Published June 1st, 2016
Family Focus
By Margie Ryerson
Margie Ryerson, MFT, is a marriage and family therapist and author in Orinda and Walnut Creek. Contact her at 925-376-9323 or margierye@yahoo.com.
Seven-year-old Evan began hitting other children and his parents, too, when he entered second grade. He complained that no one liked him and that he had no friends. His demeanor changed from generally easy going to angry and unhappy.

It is never easy for parents to see their children in distress. Evan's parents reached out to his teacher and other professionals for help.

When a child feels that he has no friends, he naturally concludes that he is unlikable. Then, as in the case of Evan, he may behave in unlikable ways, further confirming his doubts about himself as others react to him with anger and dislike.

Your child's belief that he has no friends can become a self-fulfilling prophesy if he becomes self-conscious about this issue. We make friends more easily when we can be positive, or at least neutral, rather than self-critical and pessimistic. It may be even more difficult for your child if he has siblings who have an easier time making and keeping friends. Naturally he will tend to compare himself to them and feel even more inadequate.

Here are some suggestions for helping your child form healthy friendships:

 Start early. Parents need to be involved in the early years and actively teach their child what is appropriate behavior with others. For example, it's wonderful to involve your child in a small play group or to have another child over for a play date when he is 2 or 3, but if your child has difficulty playing well with others, this is not the time to retreat into another room for conversation with other parents and a cup of tea.

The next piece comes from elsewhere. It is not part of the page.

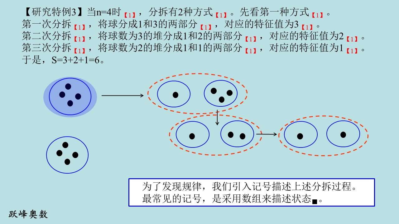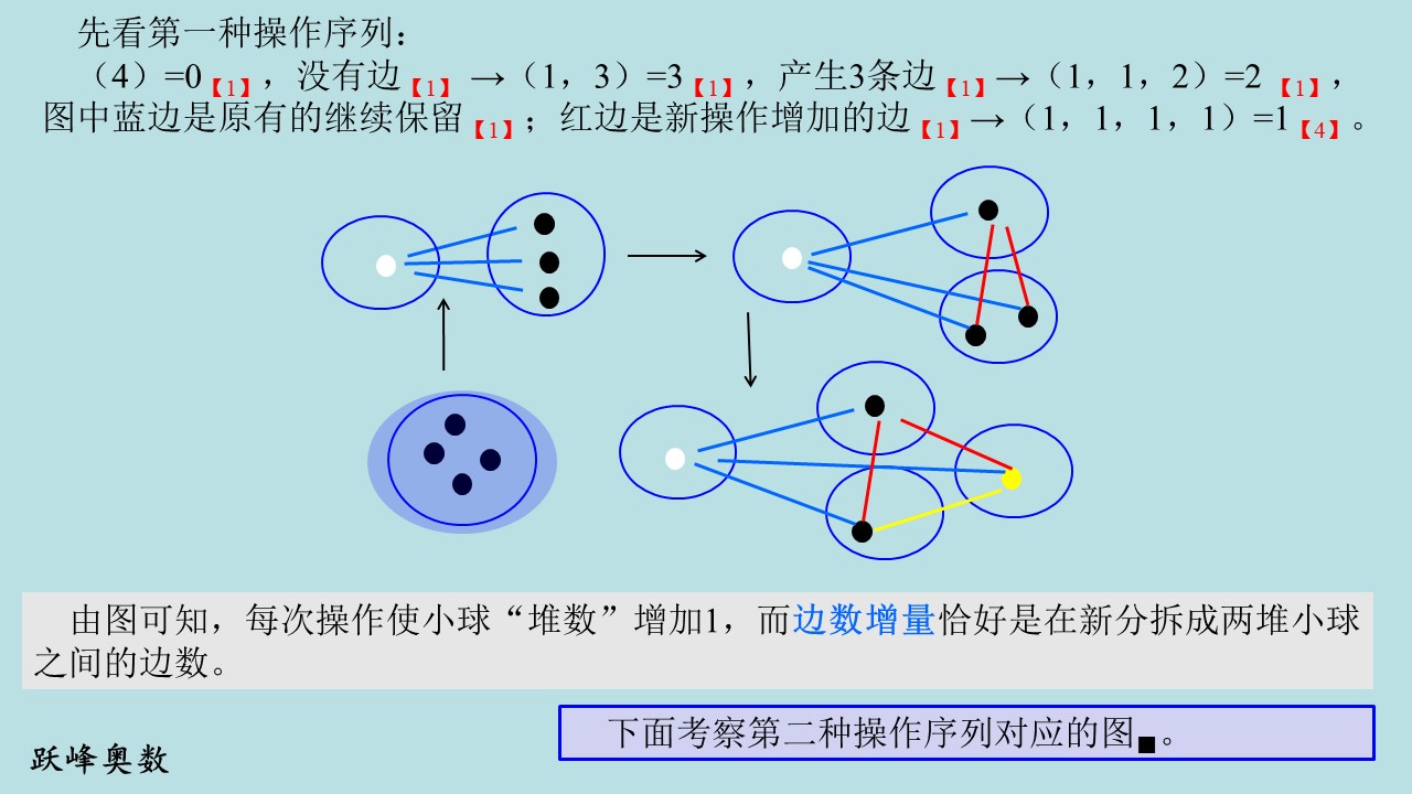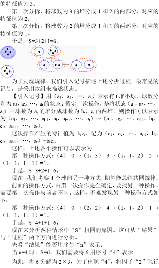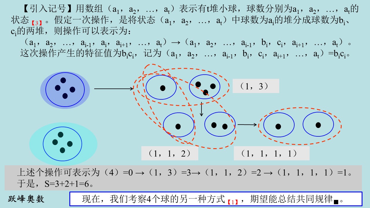【引入记号】用(a1,a2,…,at)表示有t堆小球,球数分别为a1,a2,…,at的状态。假定一次操作,是将状态(a1,a2,…,at)中球数为ai的堆分成球数为bi、ci的两堆,则操作可以表示为(a1,a2,…,ai-1,ai,ai+1,…,at)→(a1,a2,…,ai-1,bi,ci,ai+1,…,at)。
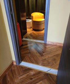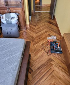 - Sản phẩm: sàn gỗ teak solid lát xương cá 90 độ – sơn UV màu tự nhiên.

A young child needs active reinforcement for using skills such as sharing, cooperating and taking turns. He also needs quiet coaching or intervention when he is not behaving nicely with his playmates. Afterwards, tell him how proud you were that he played so well and be sure to mention specifically what he did that pleased you. Let him hear you tell others how happy you were that he shared his toys or took turns.

Evan's parents had never invited another child to their house to play or to go on an outing with them. Instead, they relied upon his school, the after-school child care program and occasional visits from relatives with children close to his age to provide socialization for Evan. Evan's parents didn't feel comfortable socializing with others; they were close to their own parents and some cousins and this formed their social world. They learned that they needed to take a much more proactive approach to help Evan form friendships. They needed to show interest in others outside of their family and to model how to make new friends.

 Beginning when your child is in kindergarten, find out from his teacher who he plays with in school, and ask your child if you can invite his classmate to your house to play. You want to get his buy-in, but of course you can structure your request in such a way to succeed in accomplishing your goal. Inviting one child at a time is best so that he can practice skills involved in play, such as negotiating, cooperating and conceding graciously. Then you can expand and see if there are other classmates you can invite over at other times, again on a one-to-one basis. Hopefully, other parents will reciprocate and your child will be able have practice playing with another child in a less structured environment than school. The objective is to help your child develop a level of social comfort at an early age.

 At various ages, discuss with your child what makes a good friend, and how in order to make a good friend, he needs to show he can be a good friend. With a 3-year-old you might talk about someone who shares, takes turns and isn't mean to you and to other children. With an older child, you would look at qualities like honesty, inclusiveness, showing interest and not being mean to you or to others. For a teen or adult child, you might discuss trust, common values and interests, and not being mean.

There seems to be a common denominator here. All too often, children and adults overlook or accept mean, purposely hurtful treatment from someone whom they are trying to befriend. Even though this person may have many attractive qualities, mean-spiritedness towards others is a huge red flag. It is important for both you and your child to be selective in choosing friends.

 Try to keep communication open with your child so that he can come to you for support and advice. And it goes without saying that helping him develop positive self-esteem will enable him to avoid feeling that he is socially defective in some way. He will be better able to observe situations objectively instead of being self-critical.

 Be an active listener. Offer compassion and understanding. Elicit more information by asking him why he feels a certain way. Ask him questions so that he can possibly reassess a situation. For example, if he tells you that no one on his soccer team likes him, ask him, "What about Jake? I see him smiling at you and talking to you." Be surprised that he thinks no one likes him because you know that he's such a fun, interesting person. Overall, try to encourage him without telling him what to do or how to feel.

 Don't discuss your child's feelings with anyone who can't be trusted not to blab to others. You don't want to take a risk that other children will find out.

 When child can understand, discuss introversion and extroversion. Introverts tend to be socially more restrained and less demonstrative. They sometimes give others an impression of indifference or unfriendliness. In reality, they may not feel this way at all. In contrast, extroverts typically show enthusiasm and eagerness to communicate and get to know others. They have more social energy for exploring relationships, whereas introverts need to conserve their more limited social energy.

In the case of one sibling who seems to have more friends and an easier time making friends than another, personality style may be a large factor. Help your more introverted child learn to accept himself and know that he, too, is capable of forming good friendships. He may just need more time and effort because social ease may not come naturally.